5. Dechurched (but with some Jesus) – People who have left the church but still hold to at least some orthodox Christian beliefs.

6. Dechurched and Deconverted – People who have left the church and are completely deconverted with no vestigial Christian beliefs.

There are other analyses of the differences arising between evangelicals. This is a different but still helpful analysis by Kevin DeYoung: Why Reformed Evangelicalism Has Splintered: Four Approaches to Race, Politics, and Gender | Kevin DeYoung 📃 . DeYoung draws four approaches to cultural issues: Contrite, Compassionate, Careful, and Courageous, and he lists how these four attitudes respond to various cultural issues.

Back to Graham’s article; he doesn’t see these six categories as hard lines. There is room for existing between these categories. He goes on to write about the “fault lines” where the primary conflict is arising: between 1s and 3s, and between 2s and 4s. Finally, he walks through how churches themselves are likely to shift in the coming decade. I will leave it to you to read the article here, but please do, because these battle lines are critical to understanding how American Christianity is shifting.

Former pastor Meyer found this article helpful in analyzing why he was encountering so much conflict between elders. He saw himself as a 2.5 on the above scale in a church where the majority of the eldership and laity were 1s. That fundamental difference in philosophy made it impossible for him to be the lead pastor of the church without tearing it apart, and so he left.

The rate at which divergent views have been revealed has created jarring relational dissonance. People in the pews are left questioning the extent to which their unity is based on the Apostles or Nicene creeds or other political, cultural, and socioeconomic matters.
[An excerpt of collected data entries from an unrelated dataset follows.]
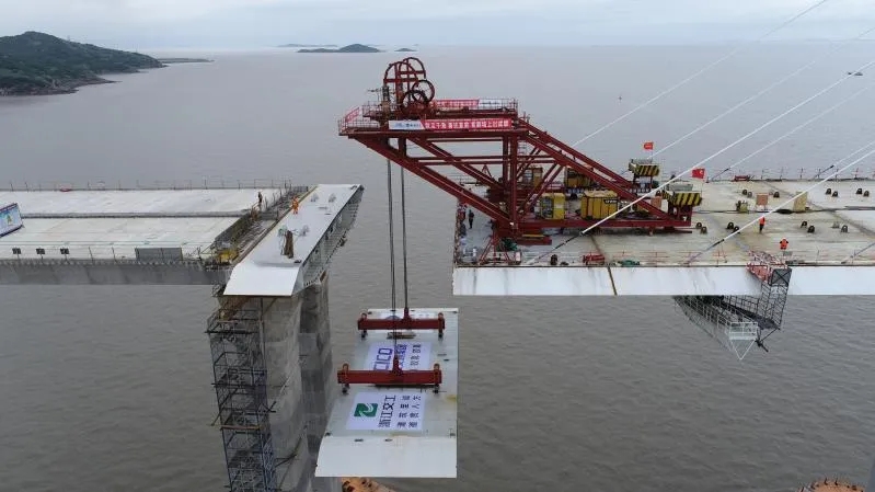 舟岱大橋DSSG01標南通航孔橋跨中節(jié)段吊裝
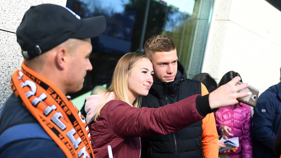 20:55 В день матча футболисты и тренер Шахтера традиционно прогулялись по городу и сфотографировались с болельщиками.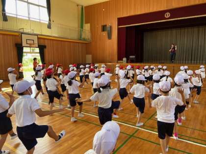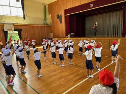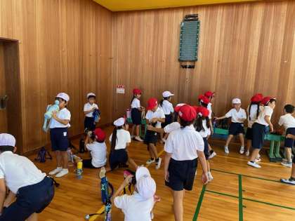運動会ダンスの練習が始まりました。1年生にとって小学校に入って初めてのダンス。音楽を聴きながら少しずつ練習をしました。何度も水分補給をしました。

They are left questioning where churches, ministries, or organizations land on these things.
The tectonic plates are shifting underfoot. This fracturing will likely be irrevocable not because our Gospel essentials are not unifying enough but because the divergence of ethical priorities, cultural engagement, racial attitudes, political visions/illusions, and their implications for philosophy of ministry mean that unity is fundamentally no longer tenable.

While I hope that this is not the case, I fear it is. Once united churches are splitting over issues of how to faithfully respond to these cultural and political issues. I have written before about theological triage and a three-part split of Christian doctrine in Issue #7 based on Core, Secondary, and Tertiary doctrines.

Are the issues facing American evangelicalism second-tier (non-core issues we should divide over, such as infant vs. believer’s baptism) or third-tier (non-core issues we should not divide over, such as the age of the earth). I suspect that we will tend towards the former.

The sad part is that, as my wife told me, we need each other. However this fracturing occurs, American conservative Christianity will look very different and we will need to find ways to unite where we can be united, and disagree in love and well. We are united in our core commitments about the supremacy of God and his glory, and so there is hope.

Keep Your Mind on Things Above

I will be praying for you this week.

“You are blessed when they insult you and persecute you and falsely say every kind of evil against you because of me. Be glad and rejoice, because your reward is great in heaven. For that is how they persecuted the prophets who were before you.